I have a fairly lengthy post on this problem.

[webmasterworld.com...]

Look down the whole thread first as much of the meat is towards the bottom and coopster assembled a bunch of relevant links at the very end.

One problem that may be very hard to surmount is if your users carelessly paste in text isn't displaying the characters as they expect, but they don't notice and send it as is.

StupidScript

11:59 pm on Sep 23, 2005 (gmt 0)

WebmasterWorld Senior Member 10+ Year Member



Great stuff, AlexK. And a very good thread note, ergophobe. I'm going to wait on the sidelines for now ... ;)

AlexK

5:08 am on Sep 24, 2005 (gmt 0)

WebmasterWorld Senior Member 10+ Year Member Top Contributors Of The Month



ergophobe:
I have a fairly lengthy post on this problem.

Wow! *That*'s a good post!
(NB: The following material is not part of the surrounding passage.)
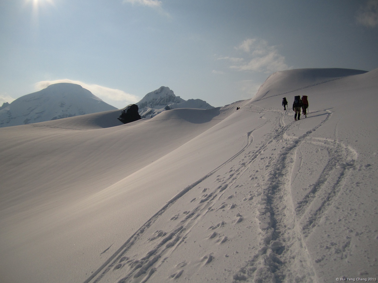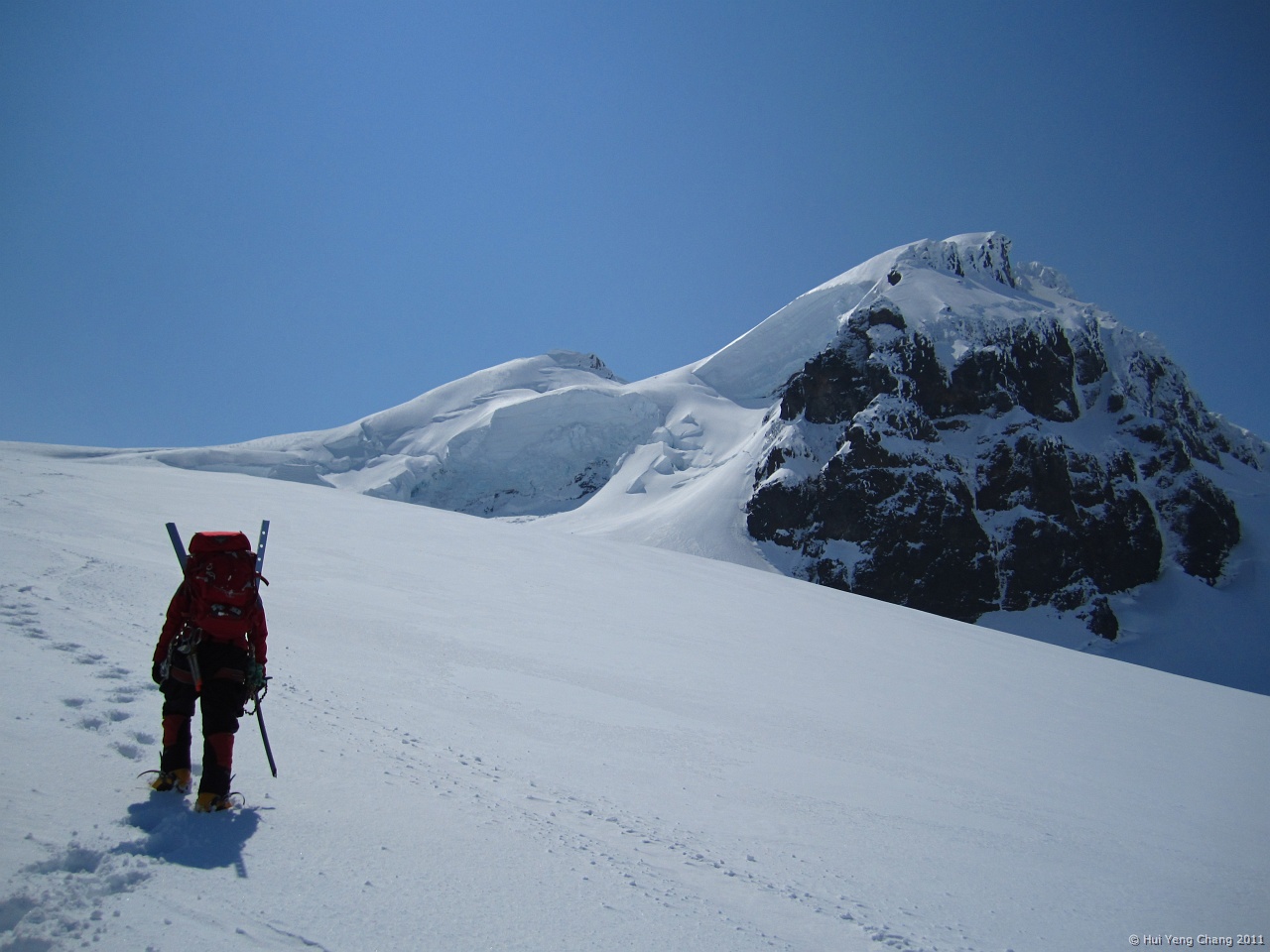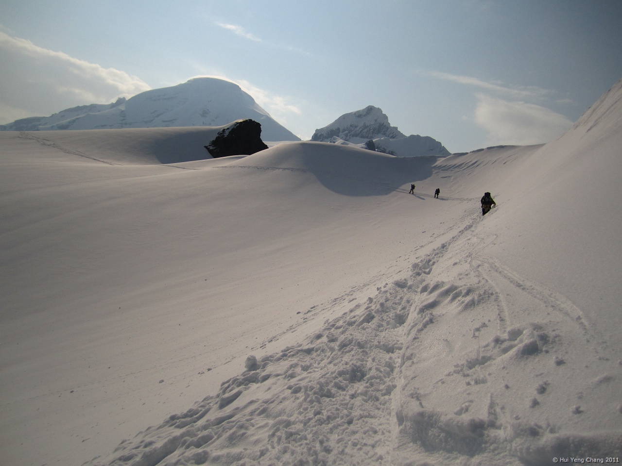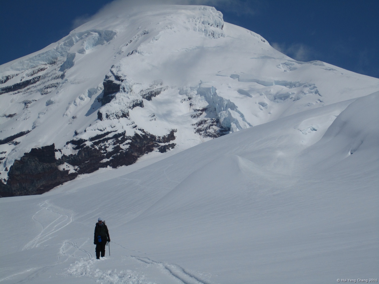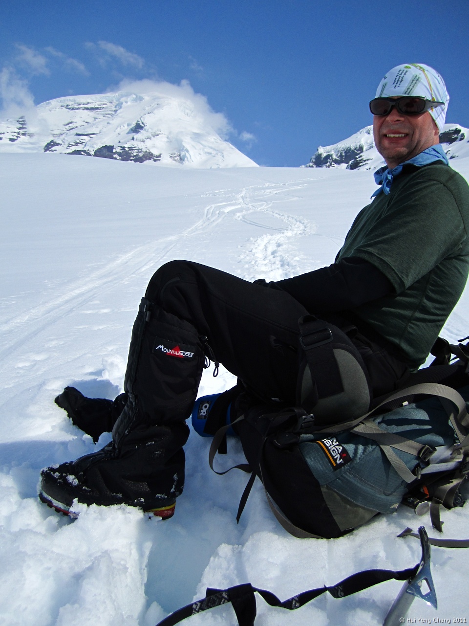 After a quick break, we headed up the last big snow cone before the summit. I fell behind Rob, Jen and Jeff when I stopped to deal with my glacier glasses. The sun was behind us at this point, and the rays sneaked in through the tiny gap between my right temple and the glasses, I was began to see spots. Fearing that I may develop snow blindness if I didn't take care of it, I stopped to double up my glasses with my goggle to ensure a better protection. It sure felt much better after the adjustment, I could open my eyes again. By now, I had fell far behind the faster trio. They were doing all the hard work of kicking steps up the snowfield.

Thank goodness somebody with direct-experience of this issue answered!

I am also going to take a little space to promote my Class on RFC-Compliant Request/Response Headers [webmasterworld.com] (roundly ignored by everybody!) since it offers the chance to programmatically-discover the charsets available/sent. One item that I wanted to add to the Class was to be able to auto-convert charsets, but felt I had insufficient experience at this point to tackle it. Hence my interest in this topic, and thanks once again for your posting.